Greg blinked at this bit of randomness, got up from Sharon’s couch and made his way through the various party-goers to where Brigid was talking with a handful. “Sorry,” he said, “I didn’t quite catch that. It sounded as if you’d asked me what was the singular of rice.”
“That is what I asked you,” said Brigid.
“That is what you asked me?” said Greg. “But … that doesn’t make sense.”
“Sure it does,” said Brigid. “Look, you’ve got a bowl, and it’s full of rice, right? So what do you call it if there’s only one, er, bit of rice in the bowl?”
“Empty?”
“No, no, what do you call the bit? Is it ‘a rice’? Or something else, like ‘one ris, two rice’?”
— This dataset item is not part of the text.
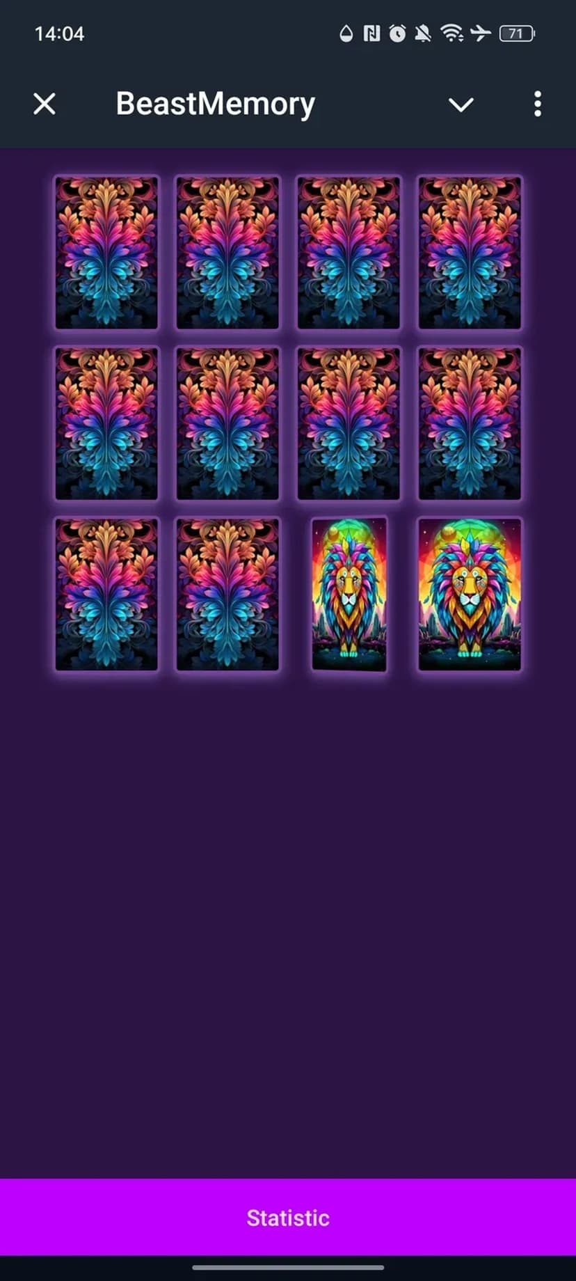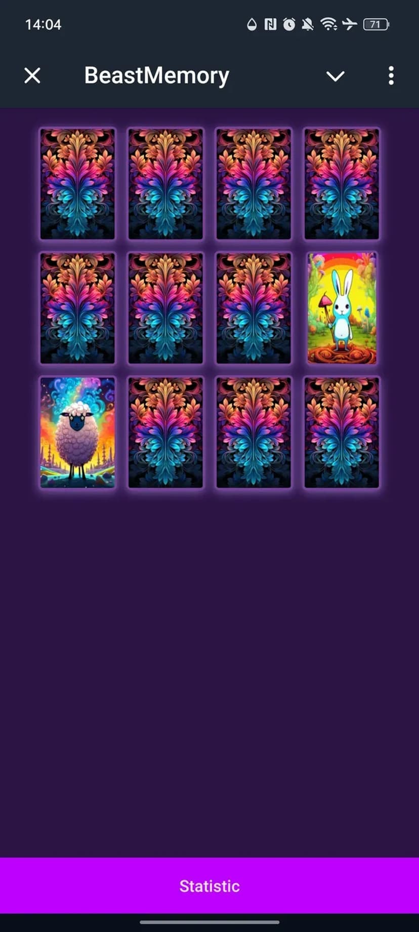 BeastMemory — классическая игра на запоминание парных карт с необычным визуальным оформлением. Карты украшены иллюстрациями мистических и фантастических животных, что делает игровой процесс атмосферным и увлекательным.

“I don’t think the word ‘rice’ works that way,” said Greg. “Rice is one of those weird ‘always possessive’ words, like ‘pants’. You have ‘a bowl of rice,’ not ‘rices in a bowl’. If you want to be technical, a single, er, unit of rice, would be a grain of rice.”
“And two units?”
“Two grains of rice.”
“So grain has a singular and plural, but rice doesn’t? That’s nuts. Why not, ‘one grain, two rice’?”
Greg shrugged. “I didn’t make the language, I’m just explaining it. Besides, that would start to get confusing if you were actually talking about wheat and people thought you were talking about rice.”
“Good point!” said Brigid. “So is ‘wheat’ singular or plural? Can you have two wheats?”
Greg squeezed his eyes shut. “You’re saying these things just to hurt me, aren’t you?”